▸ PROBLEM
Find "Obraz premium 3d" and "Plateau rond en" in the records below. Copy the lines holding them and every line between, exactly, and no others.

▸ DATASET

━━━

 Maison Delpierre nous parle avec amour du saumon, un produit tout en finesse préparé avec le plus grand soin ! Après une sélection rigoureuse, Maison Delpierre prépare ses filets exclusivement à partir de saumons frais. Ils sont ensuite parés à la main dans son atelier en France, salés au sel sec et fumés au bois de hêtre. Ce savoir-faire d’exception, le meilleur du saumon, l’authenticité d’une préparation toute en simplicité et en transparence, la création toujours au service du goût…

━━━

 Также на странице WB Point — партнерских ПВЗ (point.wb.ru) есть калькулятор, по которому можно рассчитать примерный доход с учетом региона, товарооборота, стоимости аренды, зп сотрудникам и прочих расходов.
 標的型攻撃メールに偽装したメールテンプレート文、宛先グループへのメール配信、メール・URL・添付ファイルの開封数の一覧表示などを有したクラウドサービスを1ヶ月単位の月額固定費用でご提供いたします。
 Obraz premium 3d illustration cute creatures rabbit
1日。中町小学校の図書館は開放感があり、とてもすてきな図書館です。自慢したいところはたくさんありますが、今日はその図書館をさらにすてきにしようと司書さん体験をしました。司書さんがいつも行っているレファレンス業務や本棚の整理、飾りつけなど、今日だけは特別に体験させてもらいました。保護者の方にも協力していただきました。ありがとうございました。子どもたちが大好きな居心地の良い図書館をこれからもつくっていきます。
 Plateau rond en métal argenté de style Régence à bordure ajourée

━━━

▸ COMPLETED TASK
 Obraz premium 3d illustration cute creatures rabbit
1日。中町小学校の図書館は開放感があり、とてもすてきな図書館です。自慢したいところはたくさんありますが、今日はその図書館をさらにすてきにしようと司書さん体験をしました。司書さんがいつも行っているレファレンス業務や本棚の整理、飾りつけなど、今日だけは特別に体験させてもらいました。保護者の方にも協力していただきました。ありがとうございました。子どもたちが大好きな居心地の良い図書館をこれからもつくっていきます。
 Plateau rond en métal argenté de style Régence à bordure ajourée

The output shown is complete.